# Panic: 12.2 does not work with jails



## PMc (Dec 7, 2020)

Okay, You moved my other thread to ports+packages, but this is base: 12.2 cannot run my jails!

As soon as I start and stop 2-3 jails, there is kernel panic. 
This machine was running for a year with 11.3 and 4 in this layout, and the only thing I did was a clean upgrade to 12.2-p1 and recompile the ports. This is not related to ports. I first thought that, too, but it isn't.

It is not one specific jail, it seems any will crash. 
I tried already GENERIC kernel, with same fault. 
It may be related to VIMAGE, not sure yet. An old-style jail seems to have behaved better, that needs further test. (If it is VIMAGE, it might also be Netgraph.)

I had Rel 12.2 running on the other machine for quite a while with no issues, but that doesn't have jails. Now this is my main backend, I don't even have telephone working now.
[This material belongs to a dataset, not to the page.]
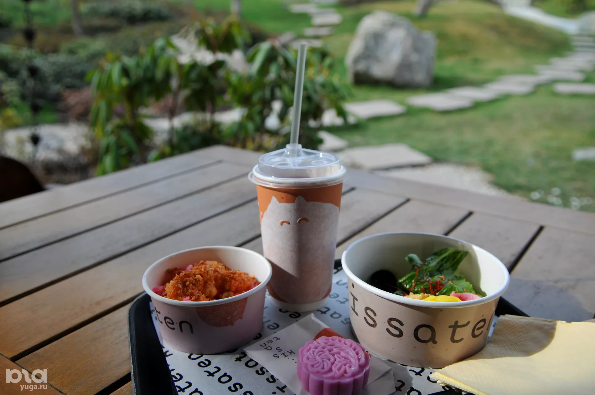 «Каппу Ча» — самый новый гастрономический объект на территории Японского сада. Заведение играет на стыке двух культур: здесь готовят чайные версии кофейной классики — от «типрессо» до «рафти», а на закуску подают румяные вафли в форме рыбок — тайяки.

This is really bad.

I'm not sure how to proceed now: should I try to find the flaw, or go back to 11.4?
Has anybody heard about such problem, anywhere?


----------



## SirDice (Dec 7, 2020)

PMc said:


> Has anybody heard about such problem, anywhere?


Nothing familiar comes to mind. I have several 12.2 machines with jails, no problems there.


----------



## PMc (Dec 7, 2020)

Thank You. Are Yours in VIMAGE with Netgraph?

From the backtrace it gets obvious that this is a vnet/VIMAGE problem with the interface:


```
#4 0xffffffff810bbadf at trap_pfault+0x4f
#5 0xffffffff810bb23f at trap+0x4cf
#6 0xffffffff810933f8 at calltrap+0x8
#7 0xffffffff80cdd555 at _if_delgroup_locked+0x465
#8 0xffffffff80cdbfbe at if_detach_internal+0x24e
#9 0xffffffff80ce305c at if_vmove+0x3c
#10 0xffffffff80ce3010 at vnet_if_return+0x50
#11 0xffffffff80d0e696 at vnet_destroy+0x136
#12 0xffffffff80ba781d at prison_deref+0x27d
#13 0xffffffff80c3e38a at taskqueue_run_locked+0x14a
#14 0xffffffff80c3f799 at taskqueue_thread_loop+0xb9
#15 0xffffffff80b9fd52 at fork_exit+0x82
#16 0xffffffff8109442e at fork_trampoline+0xe
```

Something must have been changed with this in Rel. 12.

Thank the Gods I was lazy and some vital stuff is still on the old-style jails... this is becoming a rough-style upgrade...


----------



## SirDice (Dec 7, 2020)

PMc said:


> Are Yours in VIMAGE with Netgraph?


No, they're the traditional jails. Let me try to set up a vnet jail to verify.


----------



## PMc (Dec 7, 2020)

I posted this to freebsd-stable list now.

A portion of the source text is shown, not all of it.